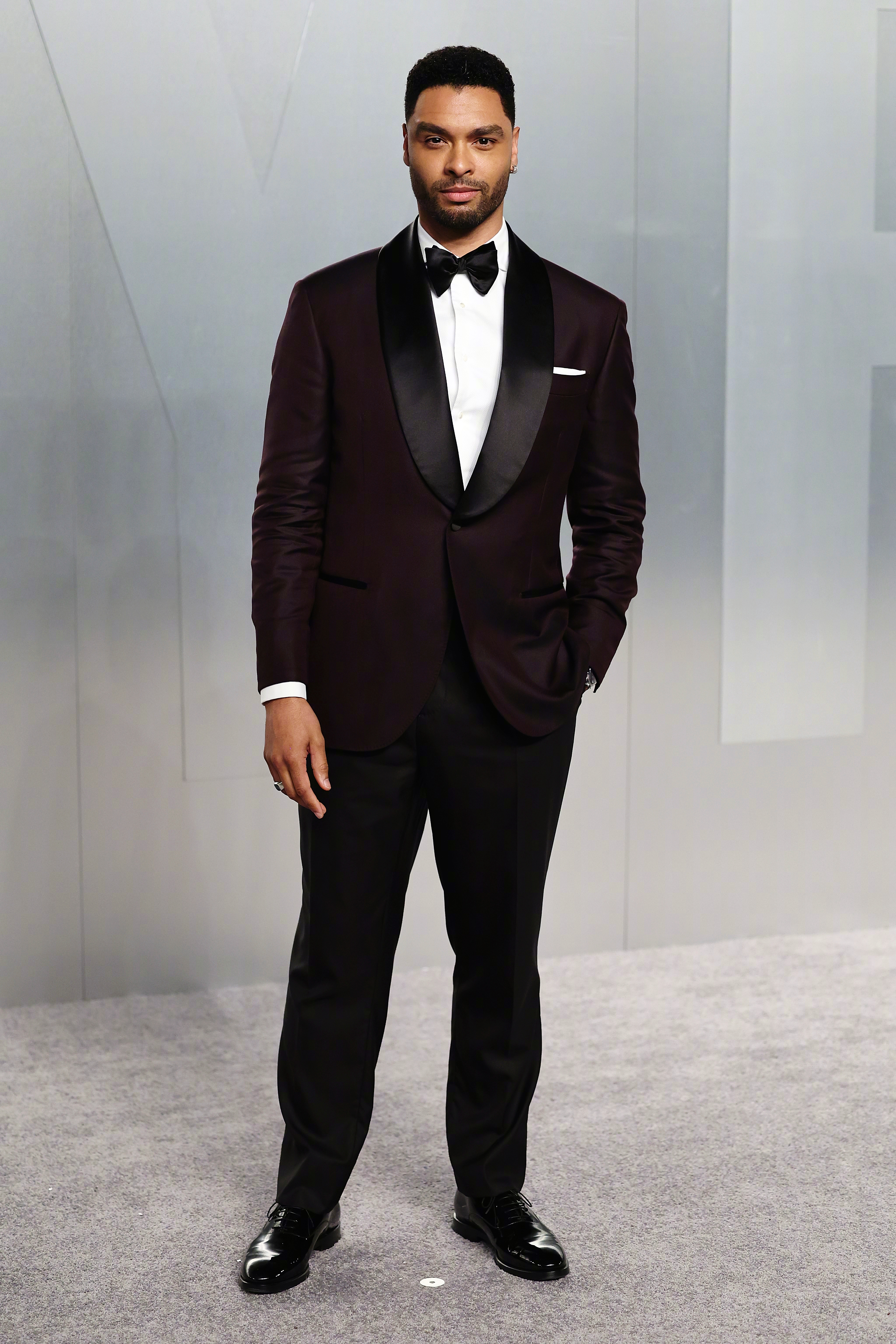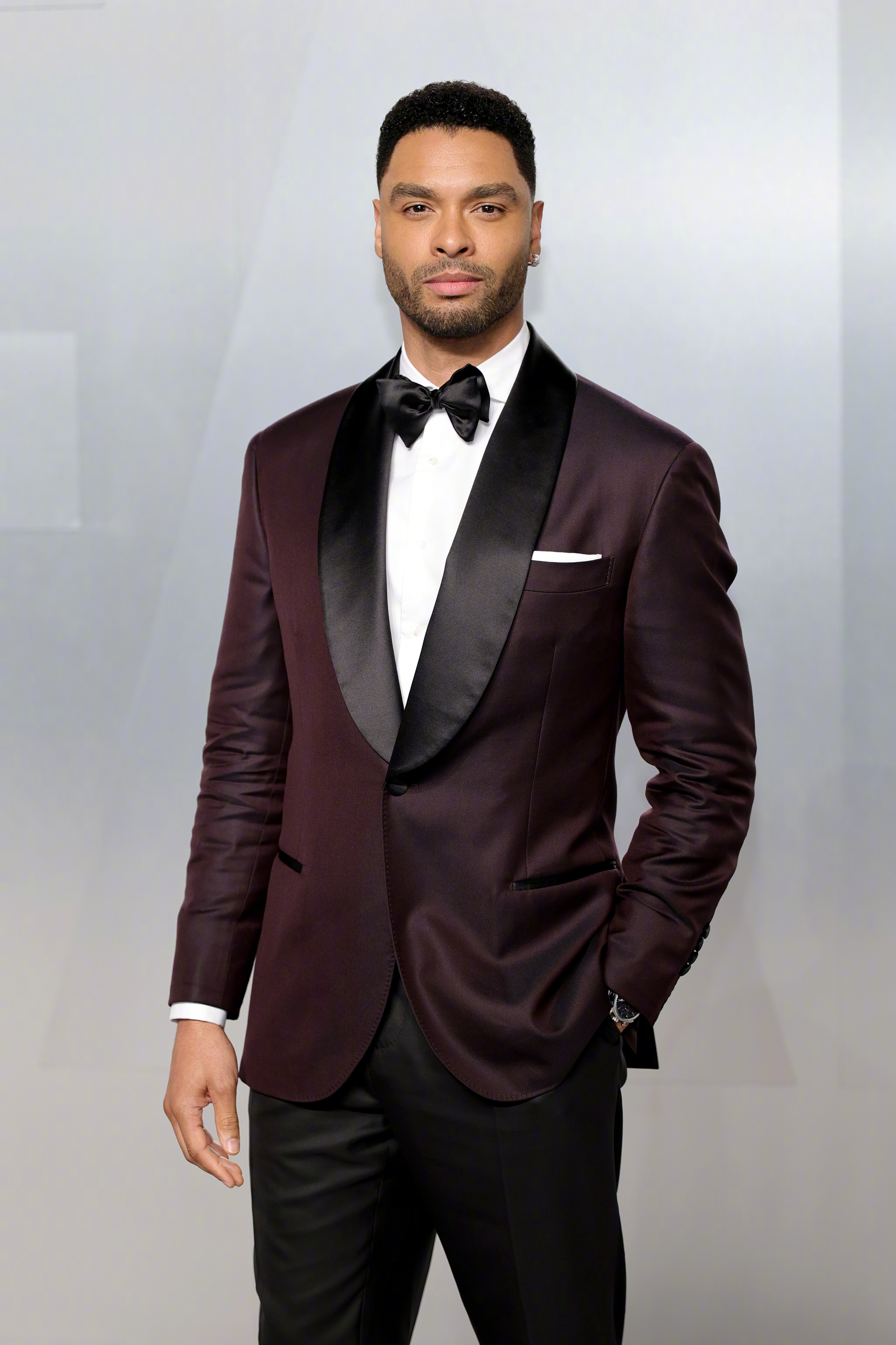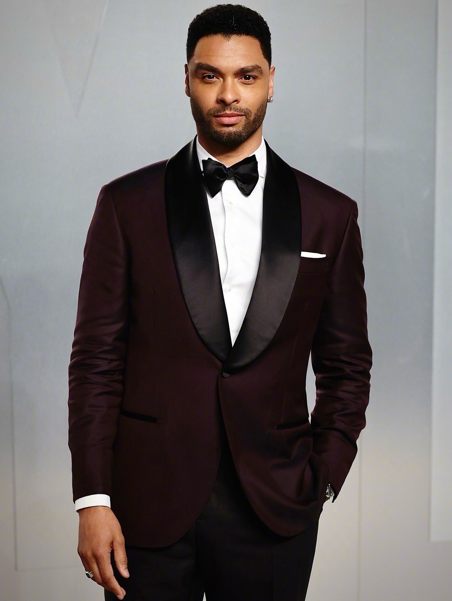 英国演员雷吉-让·佩吉(Regé-Jean Page)身穿Brunello Cucinelli礼服系列,深紫灰色真丝青果领礼服西装,搭配黑色礼服长裤及配饰,很适合他形象气质的礼服。米拉服饰解析
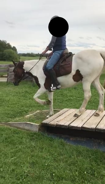 Warum verkaufe ich dieses tolle Pferd? Ich habe zu wenig Gelegenheiten für Ausritte zu zweit oder mehreren - alleine gehe ich nicht ausreiten. Und fürs Reiten in der Halle fehlt mir die nötige Motivation/Energie. Daher suche ich für meine liebe Endmaß-Ponystute (2012, 148 cm) das passende Match. Mein Pony ist der Draußen-Abenteuer-Typ, aber man kann auch in der Halle oder auf dem Platz viel Spaß mit ihr haben, vorausgesetzt man bringt die nötige Energie mit. Da sie in der Halle/auf dem Platz sehr entspannt und eher gemütlich unterwegs ist, kann ich sie mir auch gut als Therapiepferd vorstellen. Mein Pony ist sehr geduldig und passt gut auf den Reiter auf, bleibt stehen, wenn es obendrauf zu wackelig wird. Im Gelände und Straßenverkehr ist sie unerschrocken, hat keine Probleme mit Treckern, Hunden o. ä.. Sie läuft in der Gruppe total brav (allein habe ich es noch nicht versucht) und meistert Hindernisse souverän (u. a. Extreme Trail). Auch im Umgang ist sie sehr brav, unkompliziert bei der Hufbearbeitung und beim Verladen. Sie mag Bodenarbeit wie Doppellonge und Equikinetik oder wippen. Sie lebt seit 2021 im Offenstall in gemischter Herde und fühlt sich dort sehr wohl, sie ist rangniedrig. Es ist mir wichtig, dass sie auch künftig in einem guten Offenstall o. ä. mit möglichst ganztägig Auslauf und Bewegungsmöglichkeit lebt. Sie ist leichtfuttrig. Das ist kein Notverkauf. Anfragen von Händlern oder Interessenten ohne Nachweis einer Offenstallhaltung o. ä. sind zwecklos. Mein Pony ist fit, gesund, frei von Allergien, kein Ekzemer. Weitere Infos über Abstammung etc. auf Nachfrage. Dt. Reitpony, L.St. S1 (DR) Als Saugfohlen prämiert Geburtsjahr 2012 Stockmaß 148 cm Klebebeschlag vorne und hinten Preis: 6.999,- € Inkl. Trense, Lederhalfter, Knotenhalfter und 3 Decken (100, 50, 0). Der Dressur-Sattel kann für 500,- € dazu gekauft werden. Alternativ habe ich für sie einen Barefoot Cherokee-Sattel mit Pad für 400,- € zusätzlich. Um Reittourismus vorzubeugen Probereiten nur gegen 35 € Gebühr (Verrechnung bei Kauf)
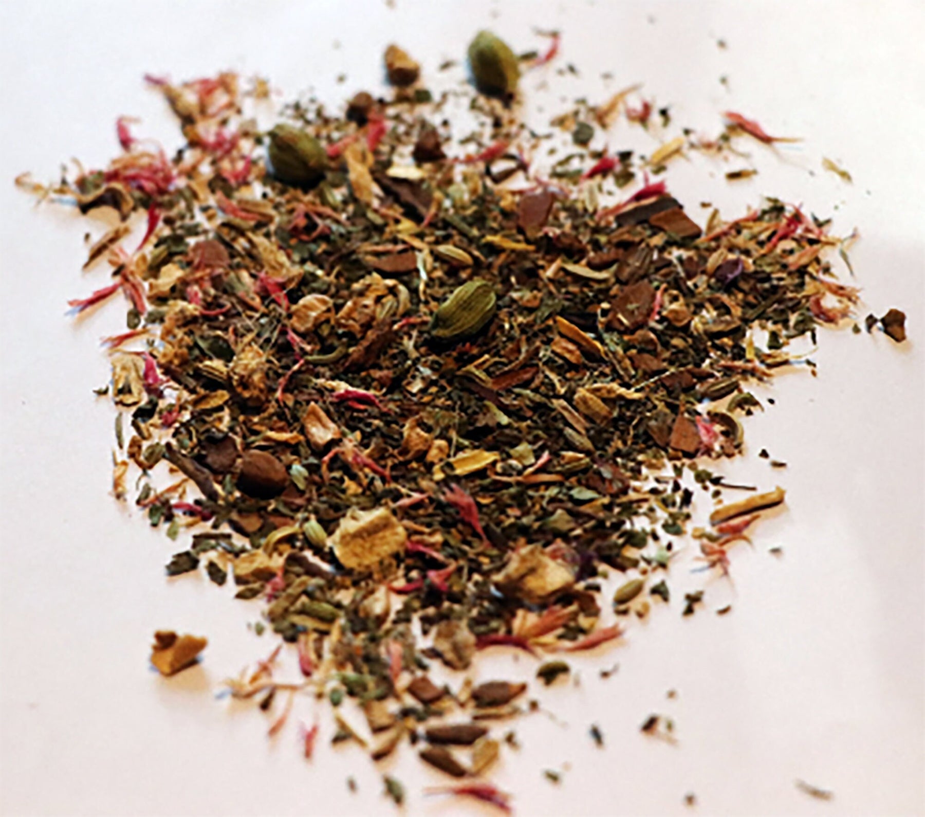 INGREDIENTS: Ginger, Peppermint, Cinnamon, Cardamom, Lemon balm, Licorice, Fennel, Burdock root, Cornflower petals.

————————

Without the pictures, print the whole listing exactly as given.

 英国演员雷吉-让·佩吉(Regé-Jean Page)身穿Brunello Cucinelli礼服系列,深紫灰色真丝青果领礼服西装,搭配黑色礼服长裤及配饰,很适合他形象气质的礼服。米拉服饰解析
 Warum verkaufe ich dieses tolle Pferd? Ich habe zu wenig Gelegenheiten für Ausritte zu zweit oder mehreren - alleine gehe ich nicht ausreiten. Und fürs Reiten in der Halle fehlt mir die nötige Motivation/Energie. Daher suche ich für meine liebe Endmaß-Ponystute (2012, 148 cm) das passende Match. Mein Pony ist der Draußen-Abenteuer-Typ, aber man kann auch in der Halle oder auf dem Platz viel Spaß mit ihr haben, vorausgesetzt man bringt die nötige Energie mit. Da sie in der Halle/auf dem Platz sehr entspannt und eher gemütlich unterwegs ist, kann ich sie mir auch gut als Therapiepferd vorstellen. Mein Pony ist sehr geduldig und passt gut auf den Reiter auf, bleibt stehen, wenn es obendrauf zu wackelig wird. Im Gelände und Straßenverkehr ist sie unerschrocken, hat keine Probleme mit Treckern, Hunden o. ä.. Sie läuft in der Gruppe total brav (allein habe ich es noch nicht versucht) und meistert Hindernisse souverän (u. a. Extreme Trail). Auch im Umgang ist sie sehr brav, unkompliziert bei der Hufbearbeitung und beim Verladen. Sie mag Bodenarbeit wie Doppellonge und Equikinetik oder wippen. Sie lebt seit 2021 im Offenstall in gemischter Herde und fühlt sich dort sehr wohl, sie ist rangniedrig. Es ist mir wichtig, dass sie auch künftig in einem guten Offenstall o. ä. mit möglichst ganztägig Auslauf und Bewegungsmöglichkeit lebt. Sie ist leichtfuttrig. Das ist kein Notverkauf. Anfragen von Händlern oder Interessenten ohne Nachweis einer Offenstallhaltung o. ä. sind zwecklos. Mein Pony ist fit, gesund, frei von Allergien, kein Ekzemer. Weitere Infos über Abstammung etc. auf Nachfrage. Dt. Reitpony, L.St. S1 (DR) Als Saugfohlen prämiert Geburtsjahr 2012 Stockmaß 148 cm Klebebeschlag vorne und hinten Preis: 6.999,- € Inkl. Trense, Lederhalfter, Knotenhalfter und 3 Decken (100, 50, 0). Der Dressur-Sattel kann für 500,- € dazu gekauft werden. Alternativ habe ich für sie einen Barefoot Cherokee-Sattel mit Pad für 400,- € zusätzlich. Um Reittourismus vorzubeugen Probereiten nur gegen 35 € Gebühr (Verrechnung bei Kauf)
 INGREDIENTS: Ginger, Peppermint, Cinnamon, Cardamom, Lemon balm, Licorice, Fennel, Burdock root, Cornflower petals.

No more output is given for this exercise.